Peter Elliott (born 9 October 1962 in Rotherham, Yorkshire) is a former middle-distance runner from the United Kingdom. During his career, he won the gold medal in the 1500 metres at the 1990 Commonwealth Games, the silver medal in the 1500 metres at the 1988 Olympic Games, and the silver medal in the 800 metres at the 1987 World Championships.

Biography

Elliott was brought up in Rawmarsh, near Rotherham, in the then West Riding of Yorkshire. He attended Rawmarsh Comprehensive School and later worked as a joiner at British Steel Corporation. He managed to establish himself as a world class athlete while working full-time. He began his athletic career by running in the Young Athletes League for his local club, Rotherham Harriers, and his 800m time of 1 minute 53.3 seconds has been the under-17 record since 1979. He also held the UK under-17 record with a time of 1 minute 50.7 seconds, which stood for nearly 10 years. He excelled as a schoolboy athlete, winning four English Schools titles, twice at 800 metres and twice over the country.

In August 1982, he set a 4 × 800 metres relay World Record of 7 minutes 3.89 seconds with fellow British athletes Sebastian Coe, Steve Cram and Garry Cook. At the 1983 World Championships held in Helsinki, he finished 4th in the 800m final.
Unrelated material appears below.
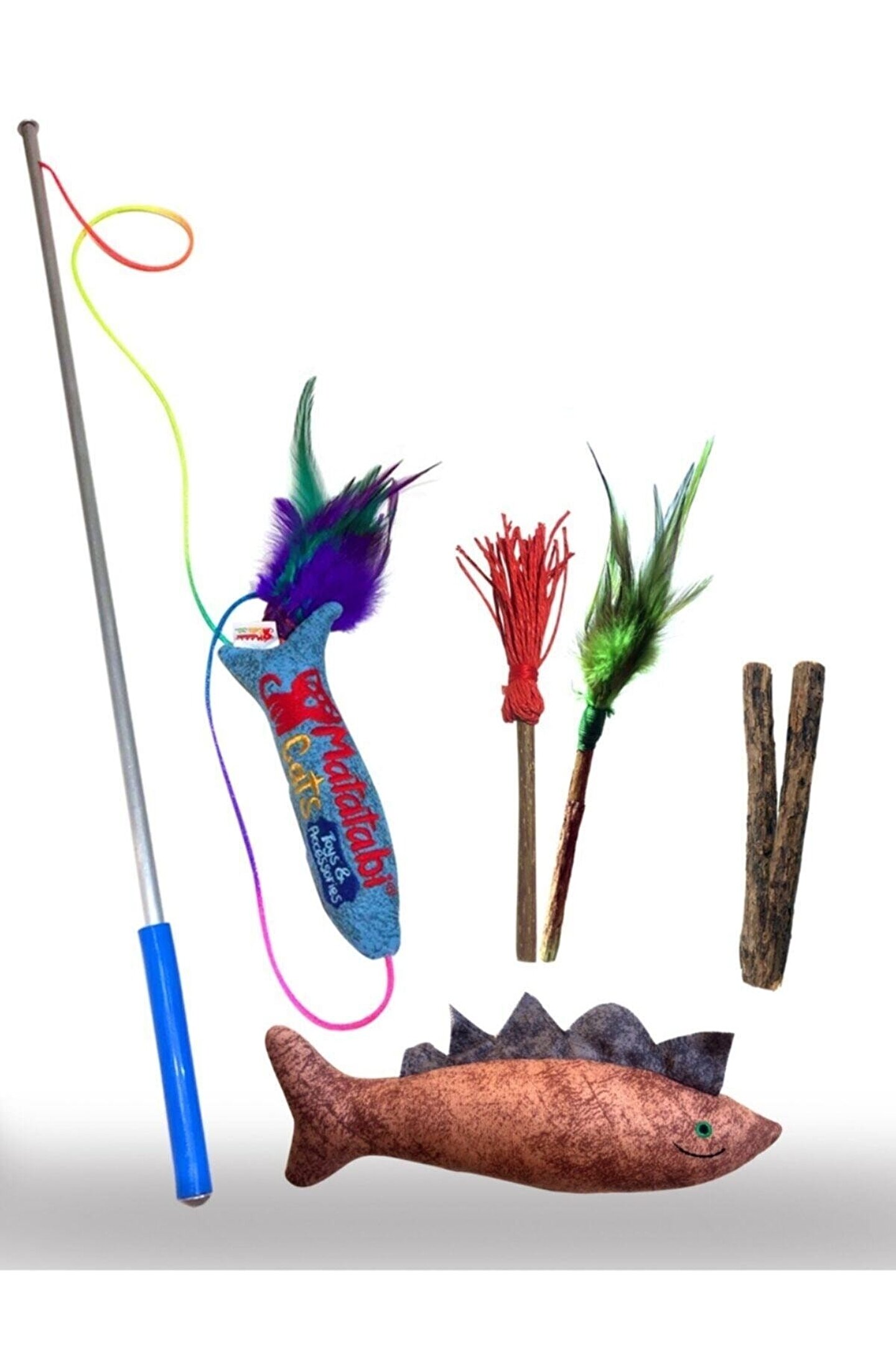 Matatabi cats premium set kedi oltası, çiğneme çubuğu, sesli peluş kedi oyuncağı 4'lü set Yeni nesil kedi oyuncakları!!!! matatabi cats yeni nesil oyuncaklarını herkes tanısın, kullansın ...Bu setle matatabi dünyasına en kaliteli ,en farklı oyuncaklarla girin istedik... ; Tüm ürünlerimiz en kaliteli malzemeler ile ev kadınlarımızın ellerinde şekilleniyor. ; Matatabi süpürge+tüylü çubuk Matatabi jumbo stick 2 ad Matatabi alüminyum saplı jr fish olta Matatabi spino(istenirse mesaj yolu ile büyük oyuncak tercihi belirtebilirsiniz);

Elliott was not selected for the 1500m at the 1984 Olympic Games in Los Angeles, losing out to the eventual gold and silver medallists, Sebastian Coe and Steve Cram, and the then world record holder, Steve Ovett. At the time, it was a very controversial decision. After Ovett and Cram had secured their places, the third place was either Coe's or Elliott's. Although Elliott defeated Coe at the AAA's Championships, the selectors opted for Coe. Elliott was selected for the 800m and qualified for the semi-finals, but had to withdraw due to an injury.

Elliott won a bronze medal in the 800m at the 1986 Commonwealth Games in Edinburgh behind Steve Cram and Tom McKean. He then won a silver medal in the event at the 1987 World Championships in Rome. The following year, he won the silver medal in the 1500m at the Olympic Games in Seoul. He also finished fourth in the Olympic 800m final. In January 1990, he became the Commonwealth champion over 1500m in Auckland. Later in the year, he ran 1:42.97 over 800m in Seville (ranking him No. 1 in the world for 1990, and making him the third fastest Briton of all time over the distance). This made him the favourite to win both middle distance gold medals at the 1990 European Championships in Split. However, due to injury problems he only entered for the 1500m and was tripped in the semi-final. After an appeal by the British team he was reinstated (against his own wishes and those of some other athletes), and went on to finish fourth in the final. A year later, he defeated the European champion Jens-Peter Herold in the 1500m race at the European Cup in Frankfurt. He also won the Fifth Avenue Mile in 1987, 1989 and 1990, the latter in 3:47.83 min.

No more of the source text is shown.